Evaluation Job Lifecycle
Evaluation jobs run MLflow evaluation against model+adapter combinations. A single evaluation request can compare multiple adapters against a baseline, with each combination dispatched as a separate CML Job linked by a shared parent_job_id.
Dispatch Architecture
A single StartEvaluationJob request specifies N model+adapter combinations. The dispatcher fans out into N independent CML Jobs, each running its own MLflow evaluation. All jobs share a parent_job_id that groups them for result comparison in the UI.
Validation
Validation is performed by ft/evaluation.py::_validate_start_evaluation_job_request() before any jobs are created.
Required fields:
| Field | Rule |
|---|---|
model_adapter_combinations | Non-empty list of model+adapter pairs |
dataset_id | Must exist in DB |
prompt_id | Must exist in DB |
cpu | Valid resource specification |
gpu | Valid resource specification |
memory | Valid resource specification |
Per-combination validation:
- Each
base_model_idin the combinations list must exist in the database. - Each
adapter_idmust exist in the database, or be an empty string to evaluate the base model without an adapter. - The referenced dataset and prompt must exist.
Multi-Adapter Dispatch
For each model+adapter combination in the request, the dispatcher executes the following sequence:
- Generate IDs – A UUID
job_idis generated for each individual evaluation run. A sharedparent_job_idis generated once for the entire batch. - Create directories – A result directory and job directory are created for each run.
- Find template CML Job – The dispatcher locates the
Mlflow_Evaluation_Base_Jobtemplate in the CML project. - Build argument list – Each run receives its own argument string containing:
| Argument | Description |
|---|---|
base_model_id | The model to evaluate |
adapter_id | The adapter to apply (empty string for base model only) |
dataset_id | The evaluation dataset |
prompt_id | The prompt template for formatting |
result_dir | Directory for evaluation output |
configs | Evaluation-specific configuration |
selected_features | Dataset features to include |
eval_dataset_fraction | Fraction of dataset to evaluate on |
comparison_adapter_id | The first adapter in the batch, used as the baseline |
job_id | This run’s unique identifier |
run_number | Ordinal position in the batch (1-indexed) |
- Create CML Job and JobRun – A CML Job is created via
cmlapiwith the specified compute resources. - Store EvaluationJob record – An
EvaluationJobrecord is inserted into theevaluation_jobstable with theparent_job_idfor grouping.
Parent Job Grouping
All evaluation runs within a batch share the same parent_job_id. This enables:
- UI grouping – The Streamlit UI displays evaluation runs grouped by parent, showing all adapter comparisons in a single view.
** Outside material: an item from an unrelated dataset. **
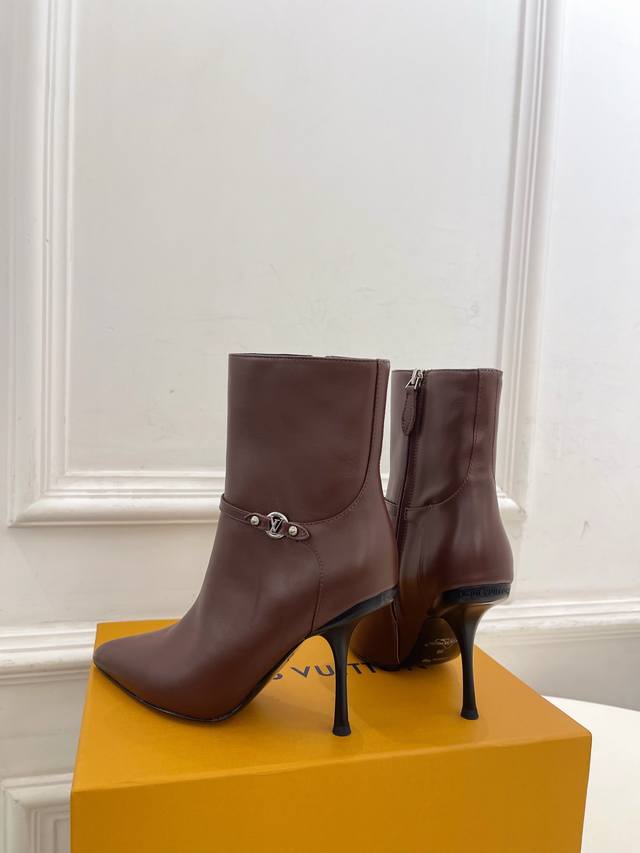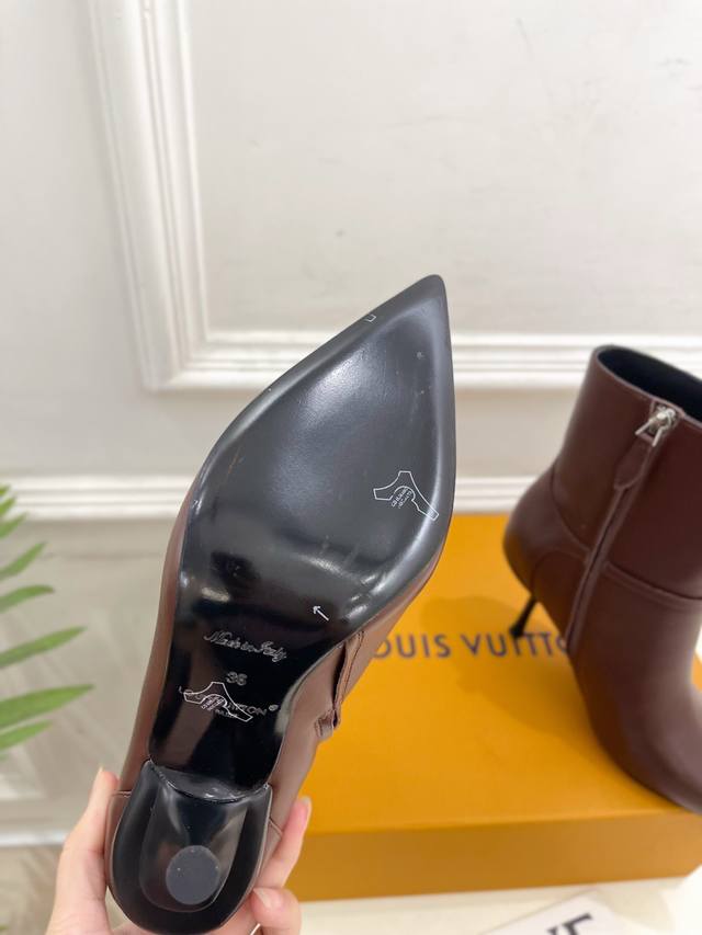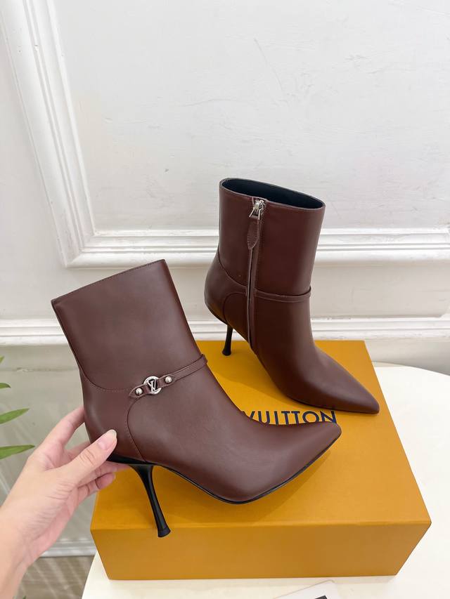 Lv 路易威登 25 2025秋冬新品 顶级版本 专柜主打最新款 老花皮带扣尖头高跟短靴 硬货上新 Bs代购级别!高级感十足!国内外博主刷爆的一款,复古又时髦 上脚美炸了!官网主推款★ T 鞋面:原版特定小牛皮 内里: 进口水染羊皮里 大底:原版意大利真皮大底 跟高:9.5Cm 鞋码: 35-39 40.41定制不退换 出厂价Pp:

- Baseline comparison – The first adapter in the
model_adapter_combinationslist is designated as the baseline (comparison_adapter_id). All other runs compare their metrics against this baseline. - Batch status tracking – The overall status of an evaluation batch can be determined by aggregating the statuses of all child jobs sharing the same
parent_job_id.
Evaluation Script
The evaluation logic runs inside ft/scripts/mlflow_evaluation_base_script.py:
- Load model and adapter – The base HuggingFace model is loaded, and the optional PEFT adapter is applied via
load_adapted_hf_generation_pipeline(). This produces a text-generation pipeline. - Load and preprocess dataset – The evaluation dataset is loaded, the prompt template is applied to format inputs, and the dataset is sampled to the configured
eval_dataset_fraction. - Run MLflow evaluation – MLflow’s evaluation framework is invoked with the configured metrics. Results (metric values and artifacts) are logged to an MLflow experiment.
- Log results – Evaluation metrics, predictions, and comparison data are persisted in the MLflow tracking store for retrieval by the UI.
Protobuf Messages
StartEvaluationJobRequest:
| Field | Description |
|---|---|
model_adapter_combinations | List of model+adapter pairs to evaluate |
dataset_id | Evaluation dataset reference |
prompt_id | Prompt template for input formatting |
cpu, gpu, memory | Compute resources per evaluation job |
configs | Evaluation configuration (metrics, generation settings) |
EvaluationJobMetadata:
| Field | Description |
|---|---|
id | Unique evaluation job identifier |
type | Job type identifier |
cml_job_id | CML Job identifier |
parent_job_id | Shared batch identifier |
base_model_id | Evaluated model |
dataset_id | Evaluation dataset |
adapter_id | Applied adapter (empty for base model) |
cpu, gpu, memory | Allocated resources |
configs | Evaluation configuration |
evaluation_dir | Path to evaluation results |
See gRPC Service Design for the complete evaluation RPC catalog.